Self-service is paramount to achieving our higher-level goals like increasing team velocity, reducing tedium, and enabling simple access to resources that are approved and compliant. Ultimately our goal is to empower our engineers to scale their processes in lock step with the scaling of Zendesk teams. By giving our engineers the power to work more efficiently, Zendesk can deliver and innovate more quickly.

Common interface

So how do we make self-service happen? When a Zendesk engineer wants to build something new or modify something, they need to know where to go and how to get started. We must provide them with a common interface that allows any engineer to easily pick and provision their required resources across all of Foundation’s offerings, e.g. data stores, Kafka topics, container orchestration, proxy routing, etc. Using a single, consistent tool minimizes learning time and maximizes efficiency. Engineers can focus on getting their job done, while we work behind the scenes to make all the infrastructure come together. The current plan is to use a YAML file within a service’s git repository and be tightly integrated with our future build pipeline. We are in the middle of staffing a team to own this lightweight interface and choreographic system.

Trusted advisors

In addition to offering a common interface, we offer our expertise. We hope to be trusted advisors. If a team wants to use a data store like MySQL, we can provide Aurora MySQL. If a team wants to make the best use of a storage engine or improve performance, we can help them design their schemas or suggest changes to indexes. Should they run into problems, we’re there to assist and help them debug. The Foundation team spends all day working with these systems, learning exactly how they work and maintaining relationships with our vendors and Open Source communities. We work with both to understand how we can best leverage various options. We hope our specific deep knowledge can help other Zendesk engineers when they need it.

Our technical choices

Our teams have made a number of technology choices that support our work.
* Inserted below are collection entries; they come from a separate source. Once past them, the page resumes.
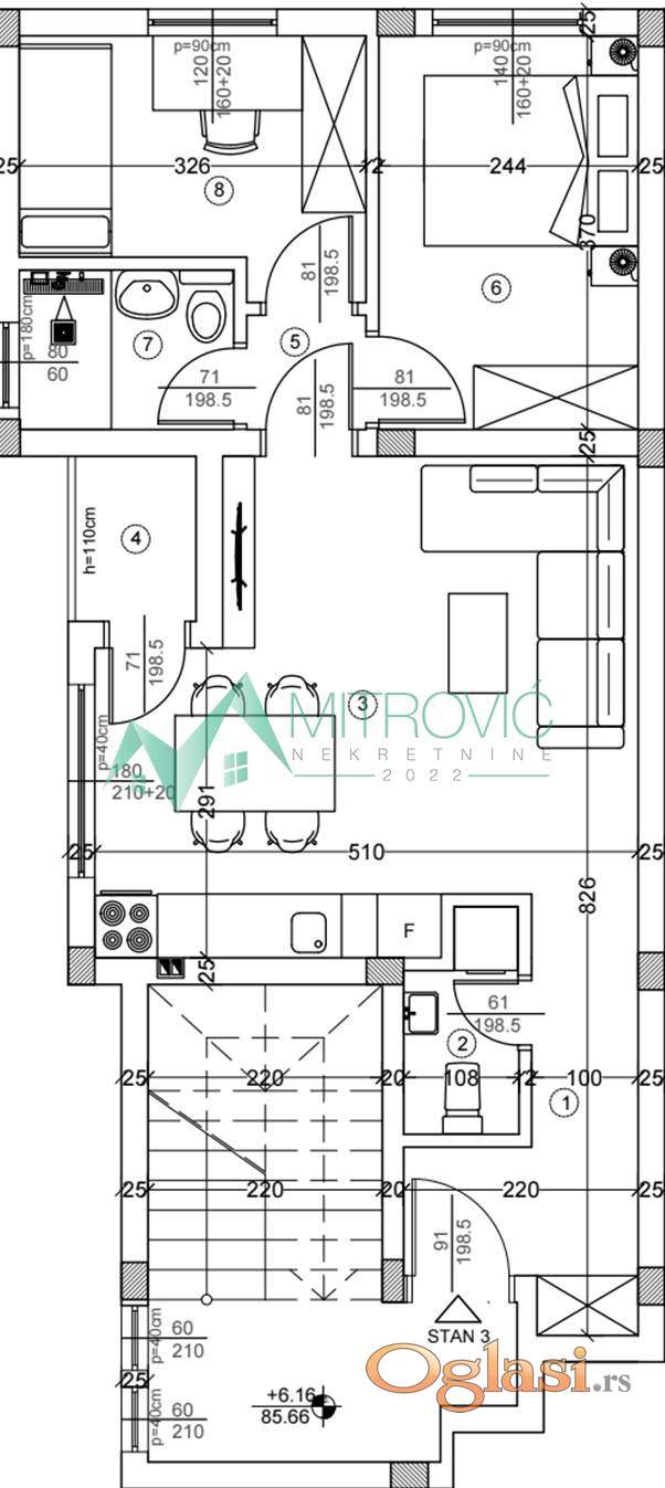 Na prodaju stanovi u novoj stambenoj zgradi u izgradnji, smeštenoj na mirnoj lokaciji na Adicama. Zgrada ima dva ulaza, a u svakom se nalazi po šest stambenih jedinica. U stanovima je ugrađeno podno grejanje na toplotne pumpe, tarkett parket, ugradni Geberit vodokotlići, španska keramika, staklena tuš kabina sa širokim podnim slivnikom. Objekat je obložen fasadom debljine 10 cm, a podovi imaju termo-zvučnu izolaciju debljine 3 cm. Ugrađena je šestokomorna PVC stolarija sa roletnama, sigurnosna ulazna vrata i staklene ograde na terasama. Kvalitetna i savremena gradnja, idealna za porodično stanovanje ili kao investicija. Rok završetka je Oktobar 2025. Postoji mogućnost kupovine parking mesta. Agencijska nadoknada iznosi 3% i uračunata je u cenu. Kontakt 0653136800
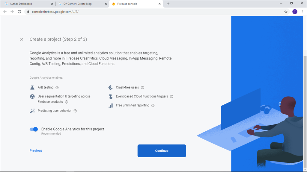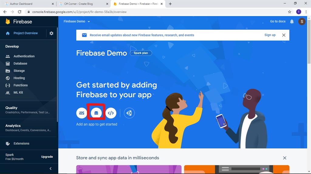 1. Go to the Firebase website and sign in with your mail ID.
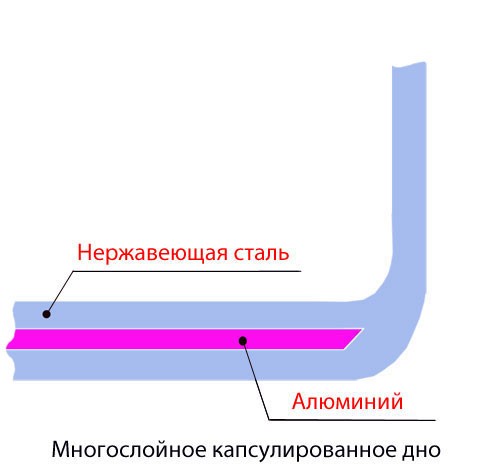 СЭНДВИЧ ДНО: Между слоями нержавеющей стали слой алюминия, благодаря такой конструкции образуется индукционный нагрев дна, посуда нагревается быстро и равномерно.
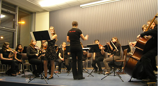 Lisa Ackermann (13Fre) und die DSL Strings unter der Leitung von Frauke Dennerlein
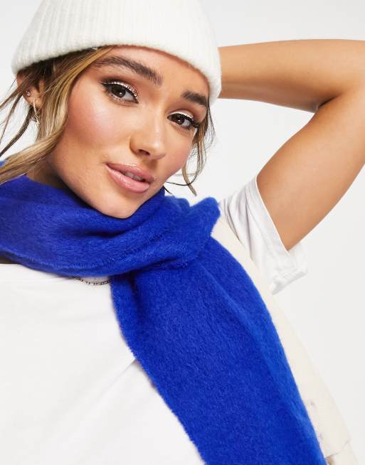 ASOS DESIGN fluffy tassel scarf in cobalt blue Very well made.
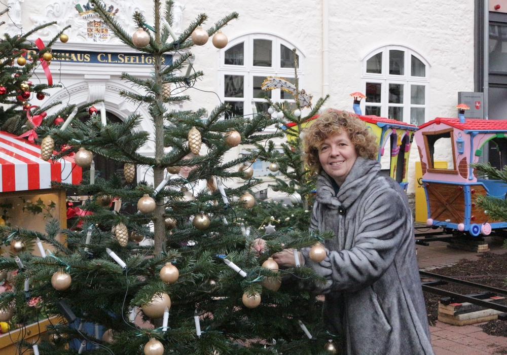 Viele wissen nicht wohin mit ihrem alten Schmuck. Ihn einfach wegzuschmeißen bringen die Meisten nicht über das Herz. Deshalb kann der Schmuck genutzt werden, um die Bäume für Seniorenheime zu schmücken. Die Tannen hierfür spendiert der Tannenbaumverkauf Olaf Werner, der seinen Baumverkauf auf dem MKN Gelände hat. Der Schmuck, die Lichter und die Christbaumständer wurden von den Bürgerinnen und Bürgern der Stadt gestiftet. Als Dank für jeden Spender, der mit Baumschmuck und Zubehör die Aktion unterstützt, gab Weihnachtsmarkthändler Conny Weinrich mit Partnerin Maria Anna Gärtner ein wärmendes Heißgetränk als Dankschön aus.

Config: Secrets-Hashicorp Vault; Service Discovery-Hashicorp Consul; Infrastructure as code: Hashicorp Terraform/Atlantis, AWS Cloudformation.

Secure: IAM accounts: AWS, LDAP, GCP; Security and Compliance as code-AWS Config; EC2 and Container OS Base Platform (and associated pipelines.)

Edge: Cloudflare for our default edge providers, DDoS mitigation, and all the other functionality that Cloudflare provides; Standardizing on Nginx as our routing mechanism.

Compute: All in on Kubernetes for general needs except for those cases where Lambda offers a tighter, most convenient interface to AWS services.

Storage: Shifting from self-managed data stores (MySQL community edition, Riak, Cassandra and MongoDB) to Managed AWS data stores (MySQL Aurora, DynamoDB, S3, Kafka) and making them easy to provision and maintain using Kubernetes Operators.

Analytics & Machine Learning: Streaming data into S3 using Bin Logs via Kafka and Kafka Connect; Using Apache Spark for batch & Apache Flink for streaming; For ML platform, AWS Batch and Sagemaker.

Network: Implementing a service mesh (which one? TBD); Continuing to use our home-built routing networking solution, called Medusa, until something else becomes available.

Reaching our destination

While we need to evolve our architecture, we can’t just drop everything to pursue the shiny stuff. We need to keep supporting the existing technology that enabled us to build a business on track to reach 1 billion dollars of revenue by 2020. As always in tech, we’ll need to make constant tradeoffs based on evolving data and insights.

With all our accounts now migrated out of the data centers, we’re entering the next stage of our journey. We will dramatically improve the automation of our infrastructure, use self-service to create a golden path, act as trusted advisors, and continue to support the evolution of our overall architecture.

There will be challenges along the way. We’re experiencing them already, especially around how we evolve our compliance controls and offer initial self-service while building out the Foundation Common Interface. We’re working through each of those challenges with the intent of ensuring our early adopters aren’t burdened as we evolve our offering, and always keeping in mind the importance of protecting our customers’ data.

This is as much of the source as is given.